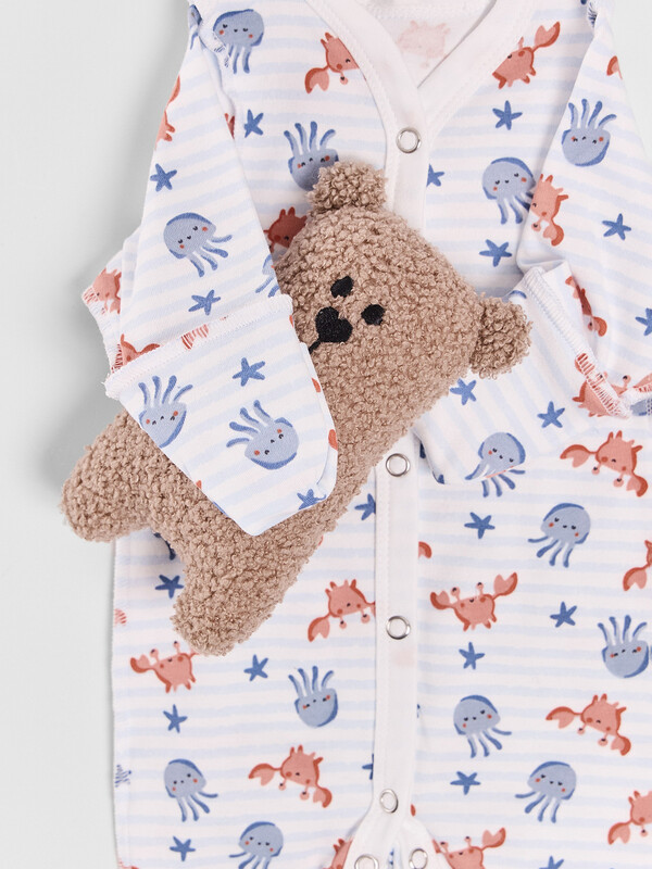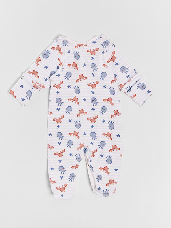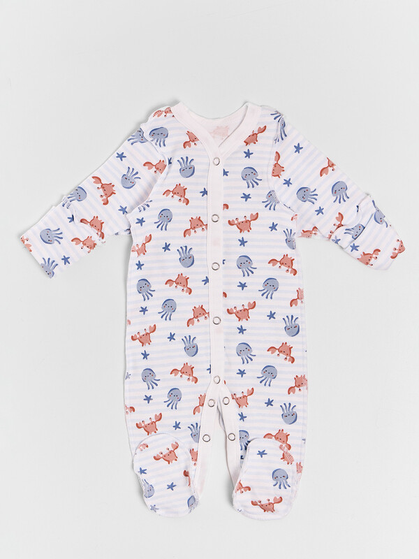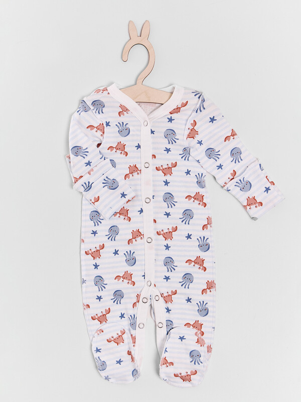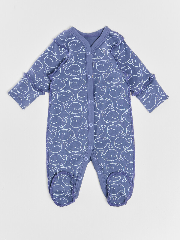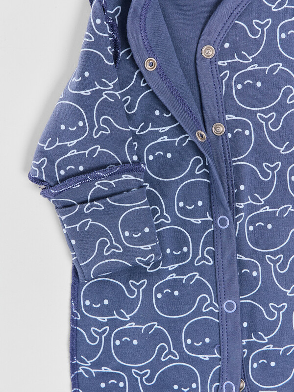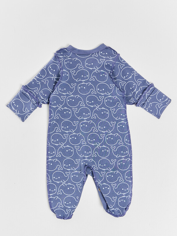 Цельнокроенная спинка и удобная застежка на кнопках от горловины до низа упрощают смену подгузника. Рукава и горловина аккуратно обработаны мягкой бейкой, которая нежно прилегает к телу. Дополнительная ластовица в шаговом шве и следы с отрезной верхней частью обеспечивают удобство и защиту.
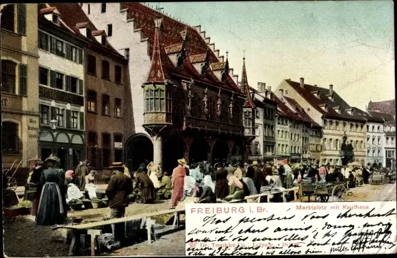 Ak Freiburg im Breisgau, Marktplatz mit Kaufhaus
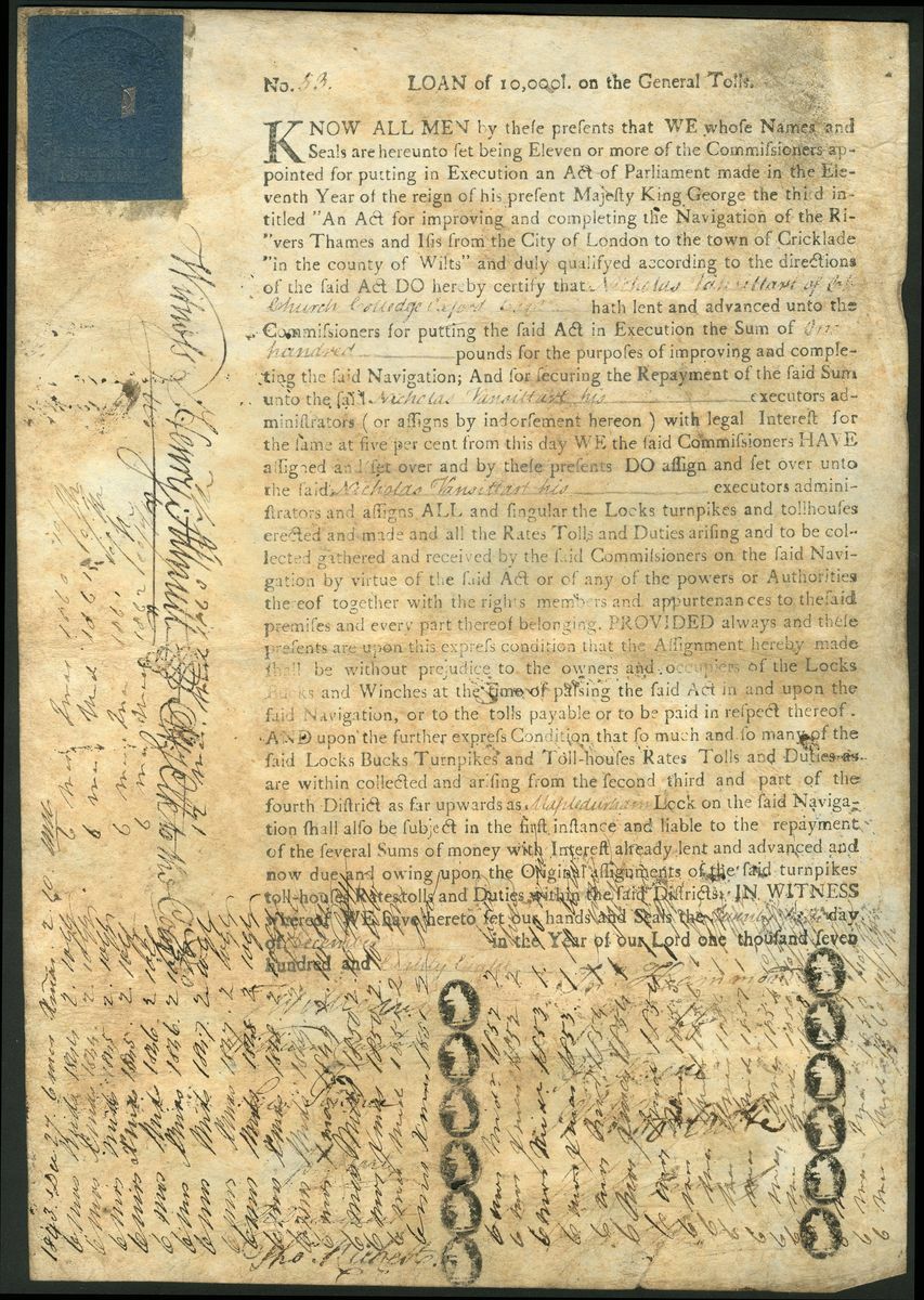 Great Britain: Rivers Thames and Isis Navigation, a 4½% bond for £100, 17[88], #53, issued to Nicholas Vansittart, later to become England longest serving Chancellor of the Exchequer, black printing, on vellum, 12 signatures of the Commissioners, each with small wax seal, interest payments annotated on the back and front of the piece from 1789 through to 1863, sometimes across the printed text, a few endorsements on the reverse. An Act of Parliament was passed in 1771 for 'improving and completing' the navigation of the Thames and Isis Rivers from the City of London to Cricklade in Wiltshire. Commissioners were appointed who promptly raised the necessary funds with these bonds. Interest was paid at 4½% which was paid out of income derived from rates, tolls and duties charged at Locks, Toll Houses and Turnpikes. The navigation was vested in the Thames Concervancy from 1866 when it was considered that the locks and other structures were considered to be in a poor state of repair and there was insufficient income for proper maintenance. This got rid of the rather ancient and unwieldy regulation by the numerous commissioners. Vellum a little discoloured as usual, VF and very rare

========================

**About this exercise**
Write out exactly and only the lines that run from the start of the data above through the line containing "Ak Freiburg im", leaving the pictures out.

**Expected output**
 Цельнокроенная спинка и удобная застежка на кнопках от горловины до низа упрощают смену подгузника. Рукава и горловина аккуратно обработаны мягкой бейкой, которая нежно прилегает к телу. Дополнительная ластовица в шаговом шве и следы с отрезной верхней частью обеспечивают удобство и защиту.
 Ak Freiburg im Breisgau, Marktplatz mit Kaufhaus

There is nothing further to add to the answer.